Un Sunny Side 2022 de retour en présentiel à l’espace Encan de La Rochelle. © DR

 

Ensoleillé et plaisant, comme toujours, l’édition 2022 du Sunny Side a recensé assurément encore plus de sourires qu’à l’accoutumée. Il faut dire qu’après deux années en virtuel il était bon de retrouver dans un univers réel le petit monde du documentaires (auteurs, réalisateurs, producteurs, diffuseurs…). Les coutumiers du rendez-vous, CNC, syndicats, chaînes de télévisions, sociétés de productions, distributeurs ou encore archives patrimoniales ont été rejoints cette année par quelques nouveaux occupants sur les stands des exposants.

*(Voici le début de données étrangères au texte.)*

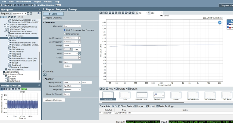 使用音頻分析儀中的頻率步進掃描(Stepped Frequency Sweep)功能即可完成此項指標的測試,如圖4所示,按照方法要求設置參數后點擊Start即可得到電平隨頻率變化的曲線。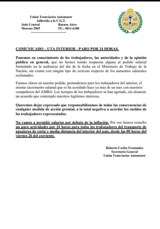 Por el paro decretado por la UTA Unión Tranviaria Automotor, este viernes no habrá servicio de transporte de corta y media distancia en el interior del país.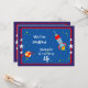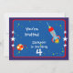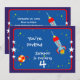 Um lindo Convite de festas de aniversário com uma nave espacial voando pelo céu com um planeta e estrelas. A imagem está rodeada de uma borda vermelha com três estrelas amarelas em cada lado sobre um fundo azul. O texto pode ser personalizado para sua ocasião especial.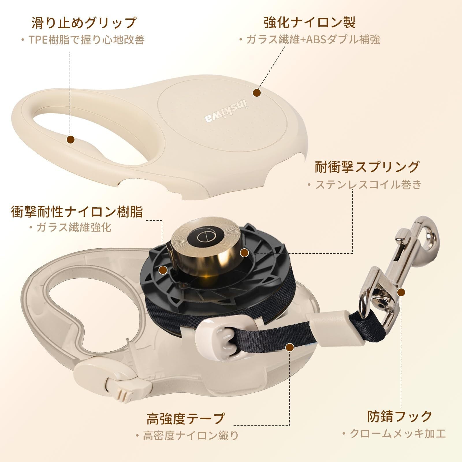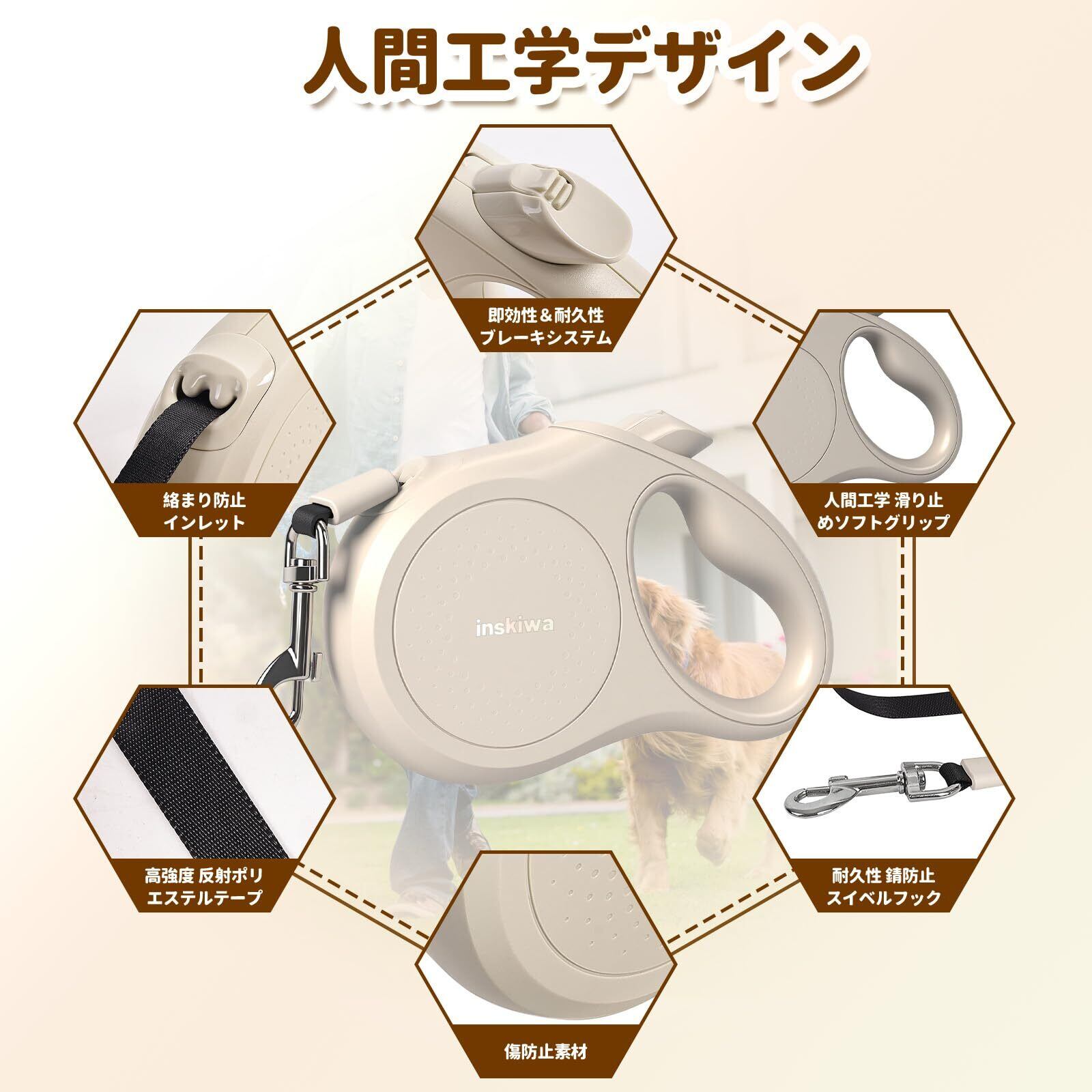 犬 リード 伸縮 ロングリード 自動巻き ストラップ付き リフレクター 小・中型犬用 [長さ:5m 適応体重30kg]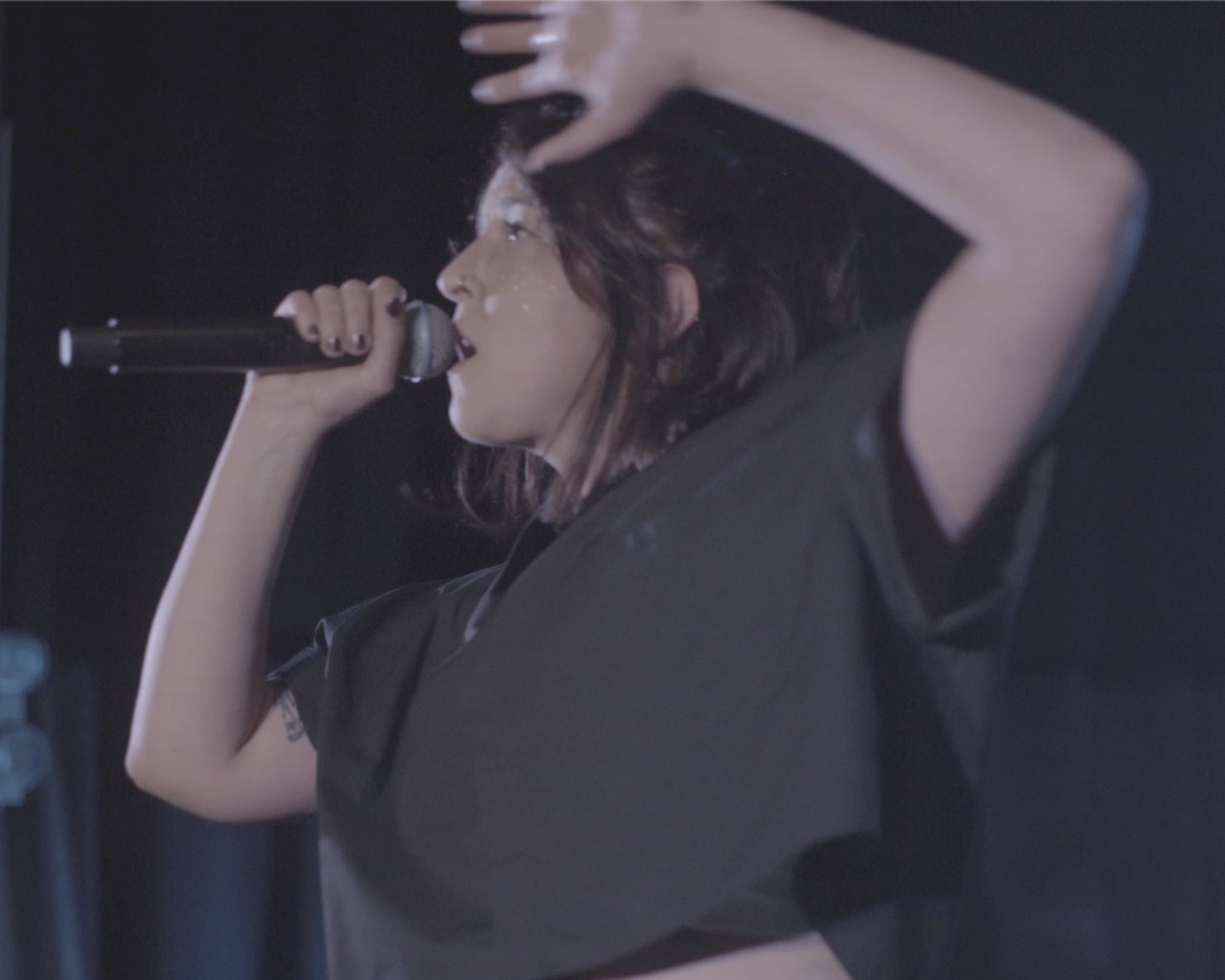 Sur scène elle crée un univers-fusion entre piano-voix en apesanteur, rythmes planants et décharges de 808. Dans un tableau sibyllin, elle chante des mots d'amour et de lutte, comme pour dissiper la noirceur.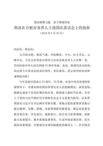 / 时令材料∣1001国庆节:20241001韩冰在合肥市各界人士迎国庆茶话会上的致辞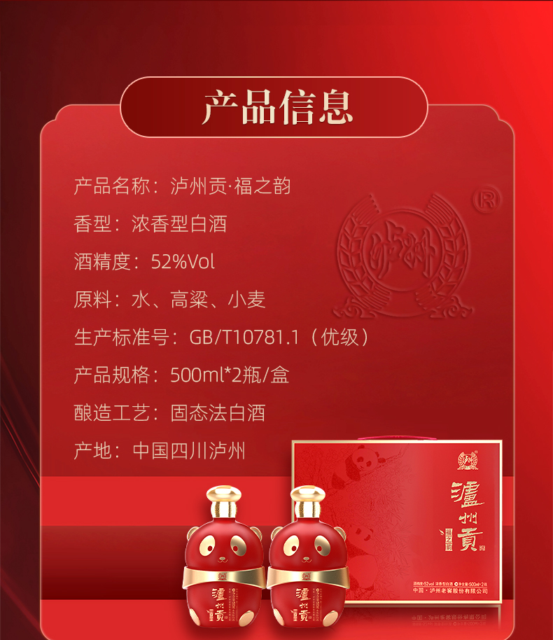 心选丨【送礼佳品】泸州贡福之韵52度浓香型白酒大熊猫礼盒装500ml*2瓶

Aux côtés de l’INA, de Pathé Gaumont, du CNRS et de bien d’autres représentants de la corporation des exploitants d’archives présents chaque année, M6 Video Bank exposait ses services pour la première fois. Si l’on ne présente plus le groupe M6 qui était, jusqu’il y a peu, sous le feu de l’actualité grâce à la tentative de fusion avec le groupe TF1, son service de commercialisation des archives est lui beaucoup plus méconnu, pourtant il ne manque pas de matière.

 

Archives anciennes et récentes

Le service dédié M6 Video Bank n’emploie que quatre personnes à temps plein. « Le groupe, via chacun de ses canaux de diffusion, dispose de nombreuses archives depuis sa création. Mais ce qui nous intéresse également de mettre en avant par l’intermédiaire de notre présence à La Rochelle, c’est aussi la possibilité d’exploiter des extraits de programmes récents », explique Mathilde Durand, en charge de la commercialisation des images de M6 Video Bank. Il semble effectivement que, même dans l’univers du documentaire plus aisément associé à l’archive ancienne, l’évolution des demandes des réalisateurs a tendance à faire baisser l’âge moyen des extraits utilisés.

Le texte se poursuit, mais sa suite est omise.